Aunque sabía que a los cuarenta y siete años lo más conveniente era permanecer en la Cleveland Clinic, el deseo de ser reconocido en su país pudo más que la razón. Dos días después, el doctor Effler le respondió por escrito: «Querido René: tu carta no me ha sorprendido, no obstante me ha desilusionado profundamente […] La pérdida será tremenda. Ya que no tengo ilusiones de tener otro Favaloro. Podré, en los próximos diez años de mi carrera, estimular a jóvenes emprendedores a que traten de alcanzar tu récord».
Con la ayuda de su hermano y un equipo de colaboradores, en 1975 creó la Fundación Favaloro, que funcionaba como un anexo del Sanatorio Güemes, de Buenos Aires. Tenía como eje central desarrollar un plan de salud para que, con un aporte mínimo de todos los ciudadanos, se pudiera operar a cualquier persona en cualquier hospital público en forma gratuita. Otros objetivos eran poner un tope a las ganancias de los médicos y de los laboratorios, obtener para la fundación un apoyo estatal fuerte y atender también los sectores más humildes de la población. De todos los objetivos, sólo pudo cumplir con los dos últimos.

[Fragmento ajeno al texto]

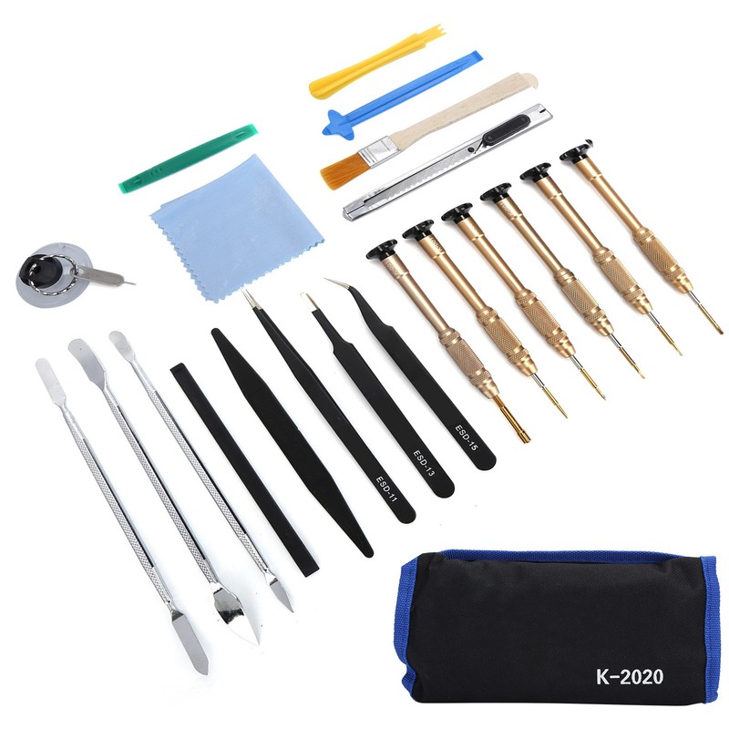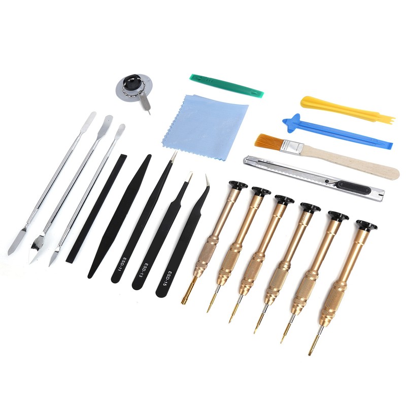 1、One set including 22 pieces, enough for device repair, with various tools, easy to maintain. 2、Suitable for repair mobile phones, computers, watches and other electronic products. 3、Made of high‑quality metal and plastic material, strong, durable, and long service life. 4、Small in size and light weight, easy to carry and store to everywhere, simple to operate. 5、The Repair kit including screwdriver, tweezer, knife, brush, pry bars, suction cup and eject pin.

Sabía que sin el apoyo económico de los gobiernos no podía concretar su proyecto de medicina comunitaria, y por eso, en 1976, después de oponerse al golpe militar que depuso a Isabel Martínez de Perón y mientras el país comenzaba a vivir la década más violenta de su historia, fue una de las primeras personalidades de la ciencia y la cultura en visitar al dictador Jorge Videla.
«Yo creo que detrás de la dictadura militar están todos los argentinos», dijo Favaloro en abril de 1982, entrevistado por un canal de televisión, unos días antes de viajar a las Islas Malvinas para presenciar la asunción del entonces gobernador militar Mario Benjamín Menéndez.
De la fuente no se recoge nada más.